Team Learning: Learned Knowledge
=================================
Teams can build a shared knowledge base from conversations using
LearnedKnowledge with a vector database.
The team uses tools to:
- save_learning: Store reusable insights, best practices, and lessons
- search_learnings: Find and apply prior knowledge to new questions
This is useful for teams that accumulate institutional knowledge
like engineering best practices, incident learnings, or design patterns.
"""
from agno.agent import Agent
from agno.db.postgres import PostgresDb
from agno.knowledge import Knowledge
from agno.knowledge.embedder.openai import OpenAIEmbedder
from agno.learn import (
LearnedKnowledgeConfig,
LearningMachine,
LearningMode,
)
from agno.models.openai import OpenAIResponses
from agno.team import Team
from agno.vectordb.pgvector import PgVector, SearchType
db_url = "postgresql+psycopg://ai:ai@localhost:5532/ai"
db = PostgresDb(db_url=db_url)
knowledge = Knowledge(
vector_db=PgVector(
db_url=db_url,
table_name="team_learnings",
search_type=SearchType.hybrid,
embedder=OpenAIEmbedder(id="text-embedding-3-small"),
),
)
# ---------------------------------------------------------------------------
# Create Members
# ---------------------------------------------------------------------------
sre_engineer = Agent(
name="SRE Engineer",
model=OpenAIResponses(id="gpt-5.2"),
role="Provide guidance on reliability, monitoring, and incident response.",
)
platform_engineer = Agent(
name="Platform Engineer",
model=OpenAIResponses(id="gpt-5.2"),
role="Advise on infrastructure, scaling, and platform architecture.",
)
# ---------------------------------------------------------------------------
# Create Team
# ---------------------------------------------------------------------------
team = Team(
name="Platform Team",
model=OpenAIResponses(id="gpt-5.2"),
members=[sre_engineer, platform_engineer],
db=db,
learning=LearningMachine(
knowledge=knowledge,
learned_knowledge=LearnedKnowledgeConfig(
mode=LearningMode.AGENTIC,
),
),
markdown=True,
show_members_responses=True,
)
# ---------------------------------------------------------------------------
# Run Demo
# ---------------------------------------------------------------------------
if __name__ == "__main__":
user_id = "[email protected]"
# Session 1: Save a learning from an incident
print("\n" + "=" * 60)
print("SESSION 1: Save learnings from a recent incident")
print("=" * 60 + "\n")
team.print_response(
"We just had a production incident: our database connection pool "

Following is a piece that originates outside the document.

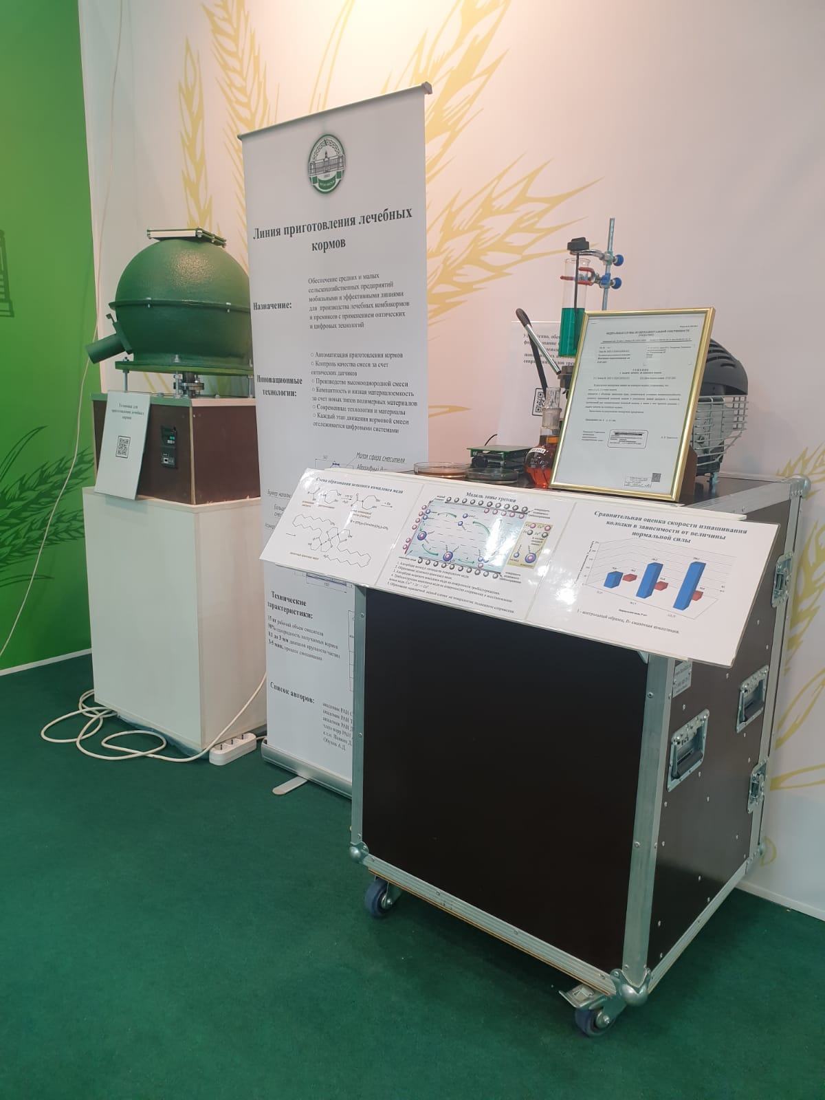 Технологическая линия приготовления лечебных кормов для животноводства и птицеводства представлена коллективом кафедры тракторов и автомобилей во главе с академиком РАН, д.с.-х.н., д.э.н., ректором Трухачевым Владимиром Ивановичем и заведующим кафедрой тракторов и автомобилей академиком РАН, д.т.н., профессором Дидманидзе Отари Назировичем. Данная разработка имеет большую ценность для животноводства и птицеводства, так как необходимость ветеринарной обработки в сжатые сроки большого поголовья, повышение нагрузки ветеринарных специалистов вызывает необходимость высокоэффективных, экономичных, удобных в работе способов и технических средств приготовления и дачи лекарственных препаратов.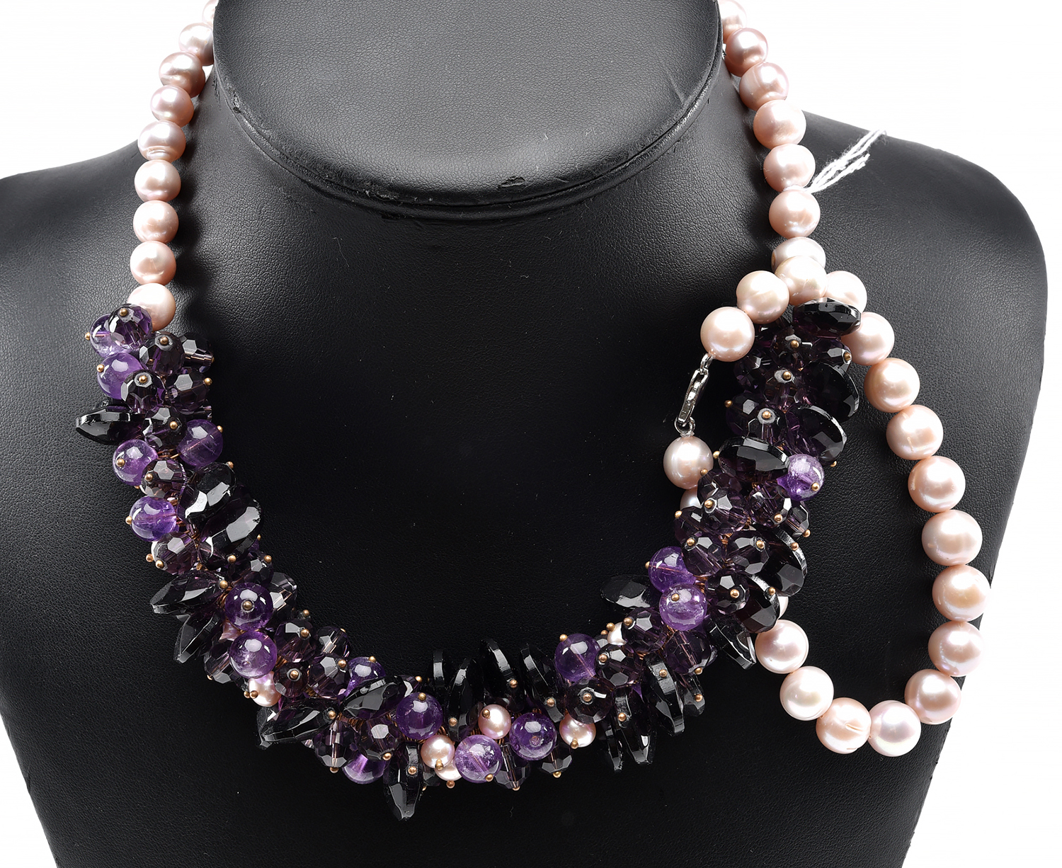 A PINK FRESHWATER PEARL AND AMETHYST BEAD NECKLACE

"was exhausted because a new microservice opened too many connections. "
"Save the key learnings from this - we should always use connection "

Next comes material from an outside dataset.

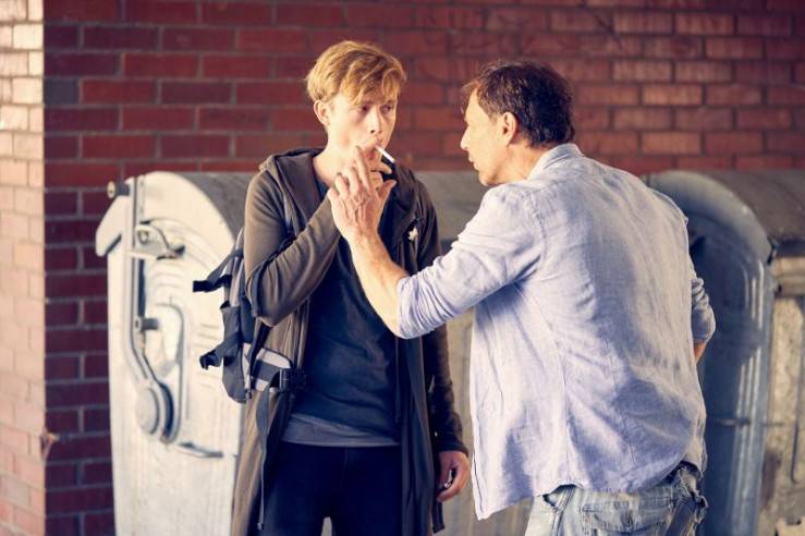 Stefan (Hendrik Duryn, r.) macht seinem neuen Schüler Clemens (Fabian Jaray) unmissverständlich klar, dass auf dem Schulgelände nicht geraucht wird. Doch Clemens ist taub.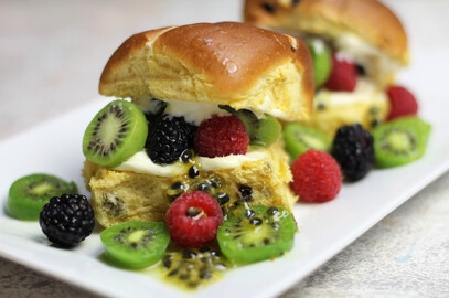 Top the base halves with the berries. Drizzle with the passionfruit pulp and cover with the top halves.

"pooling with PgBouncer and set max_connections per service.",
user_id=user_id,
session_id="session_1",
stream=True,
)
lm = team.learning_machine
print("\n--- Stored Learnings ---")
lm.learned_knowledge_store.print(query="connection pool")

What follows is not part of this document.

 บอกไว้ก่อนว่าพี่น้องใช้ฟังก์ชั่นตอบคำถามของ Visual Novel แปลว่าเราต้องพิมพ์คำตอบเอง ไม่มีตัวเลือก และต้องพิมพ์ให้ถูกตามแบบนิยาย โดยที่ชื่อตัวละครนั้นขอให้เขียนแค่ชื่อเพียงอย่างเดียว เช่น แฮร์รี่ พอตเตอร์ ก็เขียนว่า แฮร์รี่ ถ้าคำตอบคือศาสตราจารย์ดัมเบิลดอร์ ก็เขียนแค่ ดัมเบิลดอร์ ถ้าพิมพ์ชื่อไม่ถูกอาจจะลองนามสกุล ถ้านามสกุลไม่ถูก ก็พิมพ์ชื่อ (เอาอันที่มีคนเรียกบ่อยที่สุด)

# Session 2: Save another learning
print("\n" + "=" * 60)
print("SESSION 2: Save another learning")
print("=" * 60 + "\n")
team.print_response(
"Save this best practice: when deploying to Kubernetes, always set "
"resource requests and limits. Without them, pods can starve other "
"workloads or get OOM killed unexpectedly.",
user_id=user_id,
session_id="session_2",
stream=True,
)
print("\n--- Stored Learnings ---")
lm.learned_knowledge_store.print(query="kubernetes")
# Session 3: Apply learnings to a new question
print("\n" + "=" * 60)
print("SESSION 3: Apply learnings to a new situation")
print("=" * 60 + "\n")
team.print_response(
"We're launching a new microservice that connects to PostgreSQL "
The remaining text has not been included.